Music Fair (ミュージックフェア) is a Japanese music show. It is broadcast by Fuji Television. The shows started in 1964 and it is the longest-running Japanese music show and is sponsored by Shinogi Healthcare, a subsidiary of Shionogi.

As of 2025, it is considered one of the longest-running music shows in Japan. Its main theme is music, having created many competitions and collaborations unique to the program, resulting in not only song, but also dance and musical performance. And between performances, the program has a talk corner where the guests talk about different themes, including "Memories of Music Fair," "What I Want to ask at Music Fair," and "Turning Points in My Life." Musical guests are not only from Japan, but also from overseas.

== History ==
"Shionogi Music Fair", known commonly as "Music Fair", started in August 1964.

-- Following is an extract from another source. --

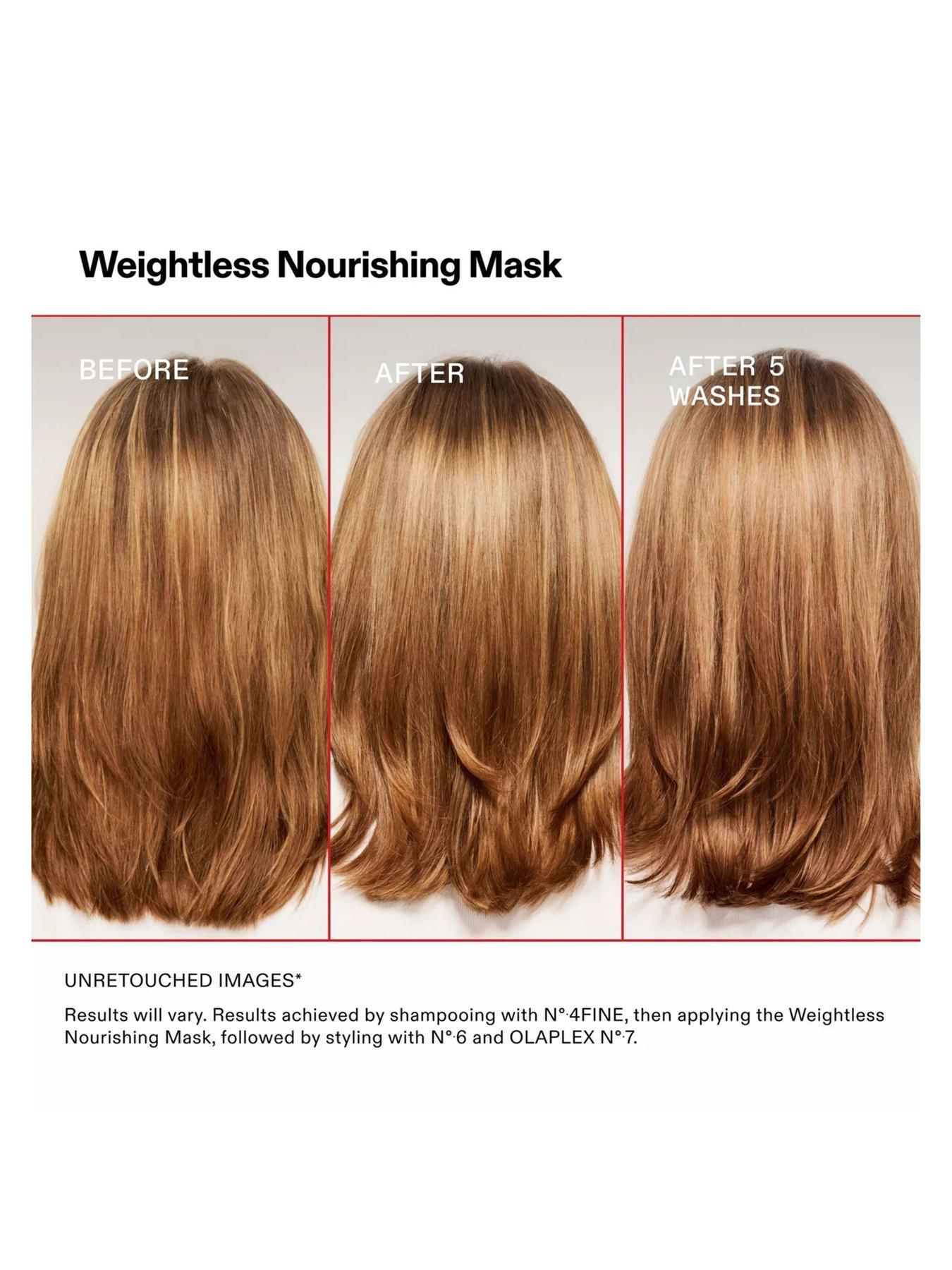 Olaplex Weightless Nourishing MaskThis instantly volumising hair mask for fine hair to medium hair is formulated with Biomimetic Cuticle Technology to lock in lightweight hydration and seal hair cuticles for 5 washes. It immediately boosts shine, reduces breakage, and helps prevent snapping wash after wash to support length retention over time. |

It has been sponsored by Shionogi since its inception until 2015, when the company transferred its consumer healthcare into a separate wholly owned subsidiary known as Shinogi Healthcare.

The program started in black and white, changed to color in 1967, audio modified to stereo in 1978, turned from analog to digital (high definition) in 2004. It started airing Mondays at 21:00 and has changed air time and day a total of 5 times, until 2001, where it has remained until now, Saturdays at 18:00.

By March 2024, it had aired 3000 programs, and was recognized by Guinness World Records as the world's longest weekly music TV program (59 years, 184 days, as of March 2, 2024).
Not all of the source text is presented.